猫街暮らしの詩人さん

猫街に暮らす詩人さんのひとりごと

時計の多い家

大きなのっぽの…という歌い出しの曲ではないが、とにかく時計の多い家に生まれ育った。

祖父母から受け継いだもの、贈答品、何かの懸賞、まだ珍しかったデジタル表示のもの。

バンドの交換ぐらいは父も見よう見まねでやっていた(器用な人ではあった)。

 

あるとき、その“時計の多い家”に寝泊まりすることになった。久しぶりに留守番を頼まれたのである。

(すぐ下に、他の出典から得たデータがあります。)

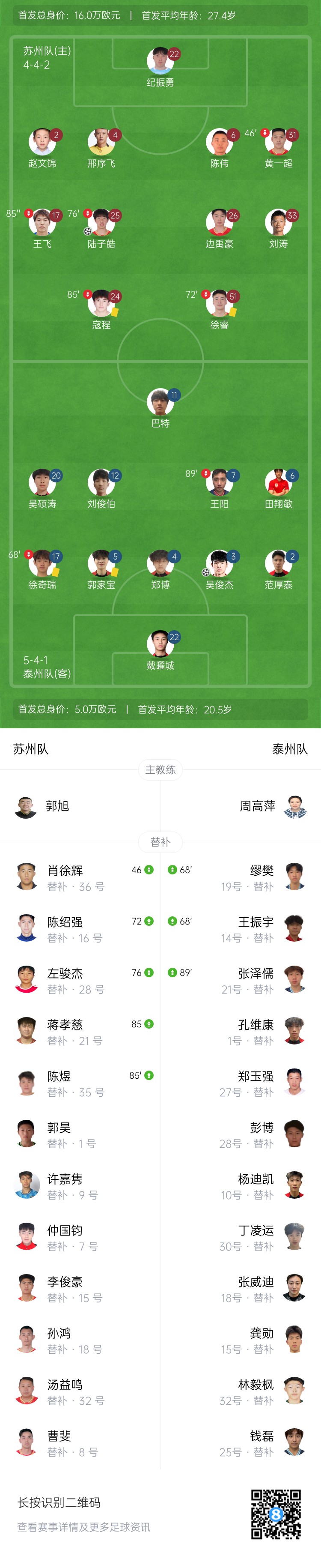 比赛第66分钟,泰州队进攻,吴俊杰禁区内停球后凌空抽射破门,泰州队1-1扳平苏州队!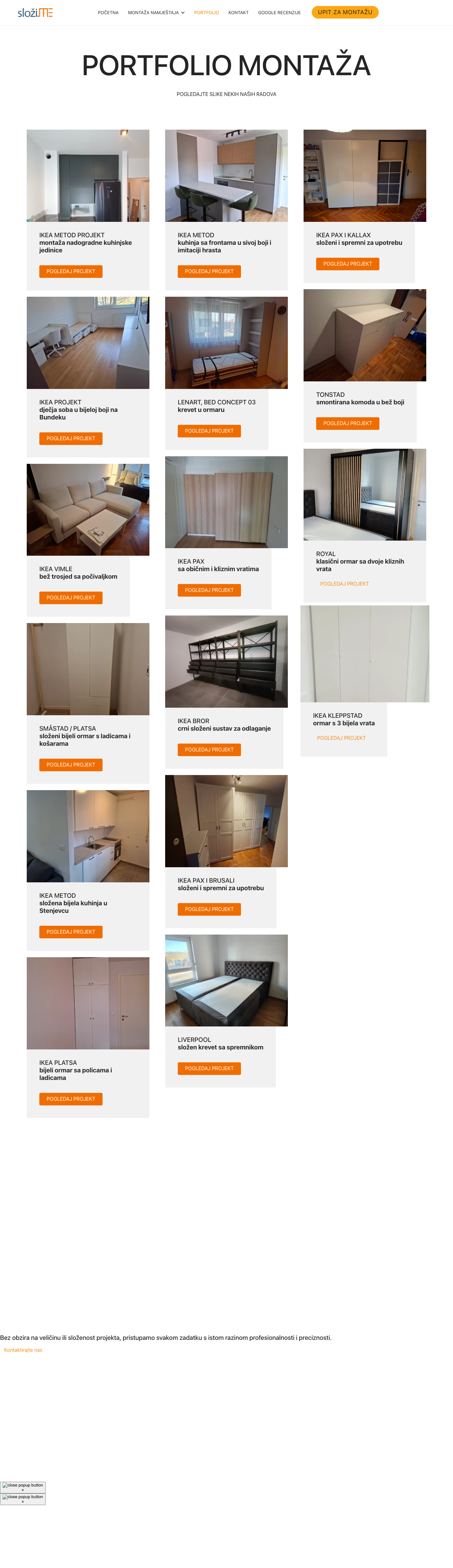 Nudimo kompletan spektar usluga montaže namještaja, uključujući montažu ormara, namještaj za dnevni boravak, kuhinje s radnim pločama, krevete i sofe. Specijalizirani smo za montažu IKEA PAX ormara, BESTÅ i PLATSA sustava. Sve usluge pružamo s punom garancijom i profesionalnim pristupom.Zašto odabrati Složi.ME
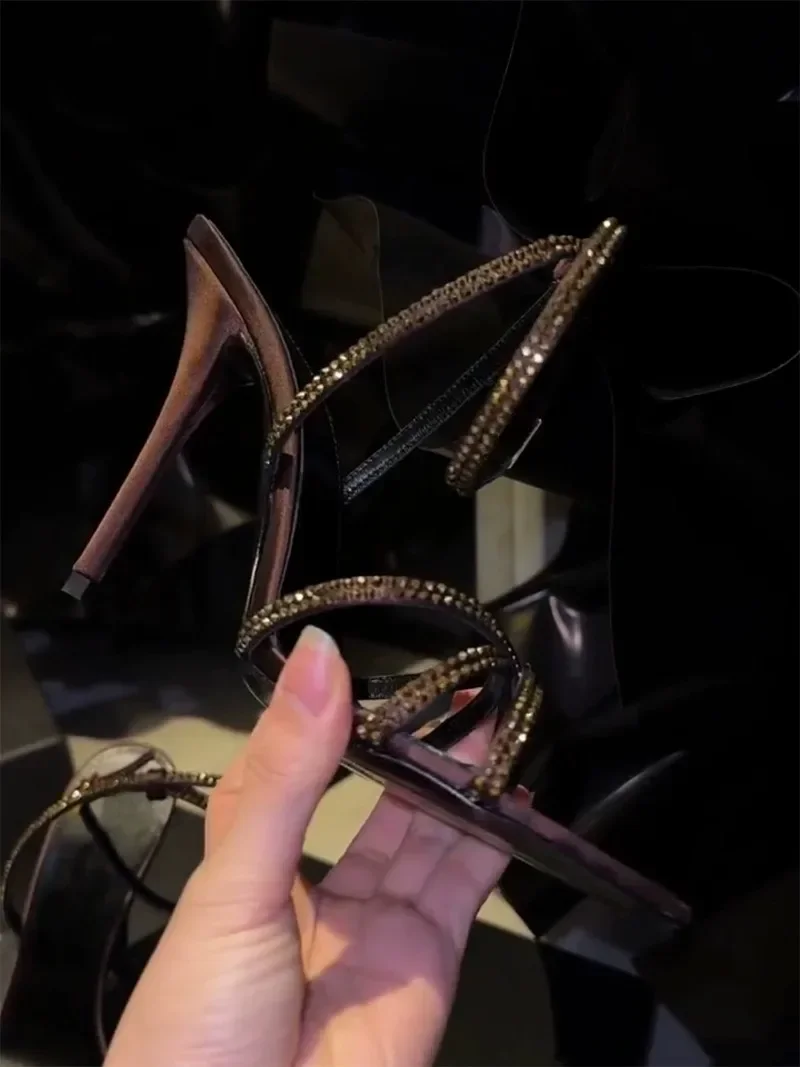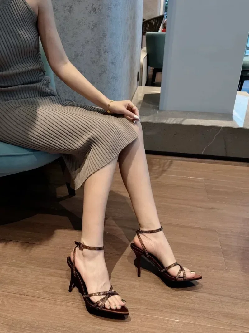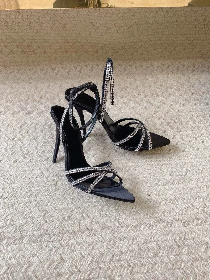 ADVBRIDGE  -  Sexy Pointed Toe High Heels Women Luxury Rhinestone Satin Design Cross-Strap Heeled Sandals Summer Elegant Banquet Dress Shoes

煮炊きも自由にやってくれ、とのありがたい申し出。二つ返事で引き受けた。

それこそ勝手知ったる何とやらで、冷蔵庫の食材で簡単料理を作ることにした。

同時進行で、浴槽に湯を張る。キッチンが大体片付く頃には、あったかい時間が待っているというわけだ。

 

コトン…カチカチカチ。

 

かすかな響きがゆったりした空間に紛れ込んできた。

この家に着いてすぐ確認したのだが、いつものように時計は全て止まっている。

長湯を楽しんでいると、再びどこからか「コトン…カチカチカチ」がやってきた。

 

まだ、いるのか。

 

思わず呟く。

初めて遭遇した時は慌てて浴室を飛び出したが、相手は小さな音を立てるだけ。それ以上のことはもう起こらなかった。

 

時計の多い家で、かつて暮らしたものたちの名残のような夢のようなものらしい、と気づいたのは、深夜突然顔の上に古い写真が降ってきたからである。

それはそれはたくさんの時計に囲まれた、一家団らんの一枚があった。

 

一家団らんなど、一度もなかったのになんと不思議な。

 

ところで、時計の多い家は実在する。

ただし、ここに書いたことには幾らかの脚色を施している。ご了承ください。